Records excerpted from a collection

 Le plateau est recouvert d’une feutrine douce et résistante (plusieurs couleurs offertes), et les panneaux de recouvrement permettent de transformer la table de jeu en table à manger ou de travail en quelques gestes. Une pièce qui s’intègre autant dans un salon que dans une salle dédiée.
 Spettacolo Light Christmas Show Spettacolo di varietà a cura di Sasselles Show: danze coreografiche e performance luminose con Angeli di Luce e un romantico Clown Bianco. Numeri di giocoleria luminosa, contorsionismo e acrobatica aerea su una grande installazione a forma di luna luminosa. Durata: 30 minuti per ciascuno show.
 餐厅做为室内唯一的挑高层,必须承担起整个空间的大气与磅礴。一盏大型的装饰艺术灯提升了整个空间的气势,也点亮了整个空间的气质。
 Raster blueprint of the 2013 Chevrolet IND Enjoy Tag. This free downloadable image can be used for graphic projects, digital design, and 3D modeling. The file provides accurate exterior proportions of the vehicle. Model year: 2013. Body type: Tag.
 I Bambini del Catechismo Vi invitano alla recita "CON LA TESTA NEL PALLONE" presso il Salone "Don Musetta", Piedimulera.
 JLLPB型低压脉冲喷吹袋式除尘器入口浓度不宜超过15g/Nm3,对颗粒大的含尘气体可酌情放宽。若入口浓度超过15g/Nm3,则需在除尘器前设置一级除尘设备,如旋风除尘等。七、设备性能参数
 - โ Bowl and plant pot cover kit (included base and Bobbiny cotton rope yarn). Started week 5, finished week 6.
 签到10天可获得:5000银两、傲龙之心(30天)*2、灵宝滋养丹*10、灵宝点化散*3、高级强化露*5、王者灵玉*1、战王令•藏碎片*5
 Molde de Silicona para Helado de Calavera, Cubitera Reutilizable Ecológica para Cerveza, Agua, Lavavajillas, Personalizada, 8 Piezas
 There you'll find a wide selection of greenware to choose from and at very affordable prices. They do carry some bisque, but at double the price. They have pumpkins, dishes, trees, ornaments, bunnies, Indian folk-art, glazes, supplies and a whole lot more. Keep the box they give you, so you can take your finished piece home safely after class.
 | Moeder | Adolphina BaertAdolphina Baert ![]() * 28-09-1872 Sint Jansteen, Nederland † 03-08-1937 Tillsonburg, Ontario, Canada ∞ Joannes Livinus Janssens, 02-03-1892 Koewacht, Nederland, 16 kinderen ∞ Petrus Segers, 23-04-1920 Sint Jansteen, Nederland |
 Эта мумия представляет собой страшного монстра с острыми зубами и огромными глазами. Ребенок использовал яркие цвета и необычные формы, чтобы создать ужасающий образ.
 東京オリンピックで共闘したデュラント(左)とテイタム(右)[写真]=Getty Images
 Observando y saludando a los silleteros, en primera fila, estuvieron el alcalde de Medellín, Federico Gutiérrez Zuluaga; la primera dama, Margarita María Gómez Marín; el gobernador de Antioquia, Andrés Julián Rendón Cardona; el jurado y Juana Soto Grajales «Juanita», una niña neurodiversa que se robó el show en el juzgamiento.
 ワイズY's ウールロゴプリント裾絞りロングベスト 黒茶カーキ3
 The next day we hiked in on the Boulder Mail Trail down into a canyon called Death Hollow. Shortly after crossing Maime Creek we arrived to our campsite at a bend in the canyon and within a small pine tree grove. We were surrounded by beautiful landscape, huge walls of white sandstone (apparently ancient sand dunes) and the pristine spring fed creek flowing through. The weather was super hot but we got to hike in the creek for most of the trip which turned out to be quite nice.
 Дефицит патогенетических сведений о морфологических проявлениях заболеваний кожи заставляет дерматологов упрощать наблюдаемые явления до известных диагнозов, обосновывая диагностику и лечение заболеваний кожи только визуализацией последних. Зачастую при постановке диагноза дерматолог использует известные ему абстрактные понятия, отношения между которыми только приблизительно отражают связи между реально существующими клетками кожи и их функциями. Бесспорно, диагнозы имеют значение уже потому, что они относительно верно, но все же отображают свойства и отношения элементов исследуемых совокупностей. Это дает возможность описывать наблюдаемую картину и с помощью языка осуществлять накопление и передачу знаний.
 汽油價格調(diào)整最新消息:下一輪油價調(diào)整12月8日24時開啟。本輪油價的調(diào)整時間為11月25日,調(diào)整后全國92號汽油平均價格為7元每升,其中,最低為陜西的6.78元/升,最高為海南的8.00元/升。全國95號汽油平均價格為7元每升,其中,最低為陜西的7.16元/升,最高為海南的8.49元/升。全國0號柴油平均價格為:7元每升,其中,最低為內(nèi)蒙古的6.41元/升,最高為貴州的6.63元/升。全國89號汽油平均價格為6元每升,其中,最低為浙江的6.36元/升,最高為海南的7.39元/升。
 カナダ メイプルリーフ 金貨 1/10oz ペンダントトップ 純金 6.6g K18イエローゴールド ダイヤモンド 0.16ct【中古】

### What you need to do
Print the records again, exactly as they stand above.

### Your response
 Le plateau est recouvert d’une feutrine douce et résistante (plusieurs couleurs offertes), et les panneaux de recouvrement permettent de transformer la table de jeu en table à manger ou de travail en quelques gestes. Une pièce qui s’intègre autant dans un salon que dans une salle dédiée.
 Spettacolo Light Christmas Show Spettacolo di varietà a cura di Sasselles Show: danze coreografiche e performance luminose con Angeli di Luce e un romantico Clown Bianco. Numeri di giocoleria luminosa, contorsionismo e acrobatica aerea su una grande installazione a forma di luna luminosa. Durata: 30 minuti per ciascuno show.
 餐厅做为室内唯一的挑高层,必须承担起整个空间的大气与磅礴。一盏大型的装饰艺术灯提升了整个空间的气势,也点亮了整个空间的气质。
 Raster blueprint of the 2013 Chevrolet IND Enjoy Tag. This free downloadable image can be used for graphic projects, digital design, and 3D modeling. The file provides accurate exterior proportions of the vehicle. Model year: 2013. Body type: Tag.
 I Bambini del Catechismo Vi invitano alla recita "CON LA TESTA NEL PALLONE" presso il Salone "Don Musetta", Piedimulera.
 JLLPB型低压脉冲喷吹袋式除尘器入口浓度不宜超过15g/Nm3,对颗粒大的含尘气体可酌情放宽。若入口浓度超过15g/Nm3,则需在除尘器前设置一级除尘设备,如旋风除尘等。七、设备性能参数
 - โ Bowl and plant pot cover kit (included base and Bobbiny cotton rope yarn). Started week 5, finished week 6.
 签到10天可获得:5000银两、傲龙之心(30天)*2、灵宝滋养丹*10、灵宝点化散*3、高级强化露*5、王者灵玉*1、战王令•藏碎片*5
 Molde de Silicona para Helado de Calavera, Cubitera Reutilizable Ecológica para Cerveza, Agua, Lavavajillas, Personalizada, 8 Piezas
 There you'll find a wide selection of greenware to choose from and at very affordable prices. They do carry some bisque, but at double the price. They have pumpkins, dishes, trees, ornaments, bunnies, Indian folk-art, glazes, supplies and a whole lot more. Keep the box they give you, so you can take your finished piece home safely after class.
 | Moeder | Adolphina BaertAdolphina Baert ![]() * 28-09-1872 Sint Jansteen, Nederland † 03-08-1937 Tillsonburg, Ontario, Canada ∞ Joannes Livinus Janssens, 02-03-1892 Koewacht, Nederland, 16 kinderen ∞ Petrus Segers, 23-04-1920 Sint Jansteen, Nederland |
 Эта мумия представляет собой страшного монстра с острыми зубами и огромными глазами. Ребенок использовал яркие цвета и необычные формы, чтобы создать ужасающий образ.
 東京オリンピックで共闘したデュラント(左)とテイタム(右)[写真]=Getty Images
 Observando y saludando a los silleteros, en primera fila, estuvieron el alcalde de Medellín, Federico Gutiérrez Zuluaga; la primera dama, Margarita María Gómez Marín; el gobernador de Antioquia, Andrés Julián Rendón Cardona; el jurado y Juana Soto Grajales «Juanita», una niña neurodiversa que se robó el show en el juzgamiento.
 ワイズY's ウールロゴプリント裾絞りロングベスト 黒茶カーキ3
 The next day we hiked in on the Boulder Mail Trail down into a canyon called Death Hollow. Shortly after crossing Maime Creek we arrived to our campsite at a bend in the canyon and within a small pine tree grove. We were surrounded by beautiful landscape, huge walls of white sandstone (apparently ancient sand dunes) and the pristine spring fed creek flowing through. The weather was super hot but we got to hike in the creek for most of the trip which turned out to be quite nice.
 Дефицит патогенетических сведений о морфологических проявлениях заболеваний кожи заставляет дерматологов упрощать наблюдаемые явления до известных диагнозов, обосновывая диагностику и лечение заболеваний кожи только визуализацией последних. Зачастую при постановке диагноза дерматолог использует известные ему абстрактные понятия, отношения между которыми только приблизительно отражают связи между реально существующими клетками кожи и их функциями. Бесспорно, диагнозы имеют значение уже потому, что они относительно верно, но все же отображают свойства и отношения элементов исследуемых совокупностей. Это дает возможность описывать наблюдаемую картину и с помощью языка осуществлять накопление и передачу знаний.
 汽油價格調(diào)整最新消息:下一輪油價調(diào)整12月8日24時開啟。本輪油價的調(diào)整時間為11月25日,調(diào)整后全國92號汽油平均價格為7元每升,其中,最低為陜西的6.78元/升,最高為海南的8.00元/升。全國95號汽油平均價格為7元每升,其中,最低為陜西的7.16元/升,最高為海南的8.49元/升。全國0號柴油平均價格為:7元每升,其中,最低為內(nèi)蒙古的6.41元/升,最高為貴州的6.63元/升。全國89號汽油平均價格為6元每升,其中,最低為浙江的6.36元/升,最高為海南的7.39元/升。
 カナダ メイプルリーフ 金貨 1/10oz ペンダントトップ 純金 6.6g K18イエローゴールド ダイヤモンド 0.16ct【中古】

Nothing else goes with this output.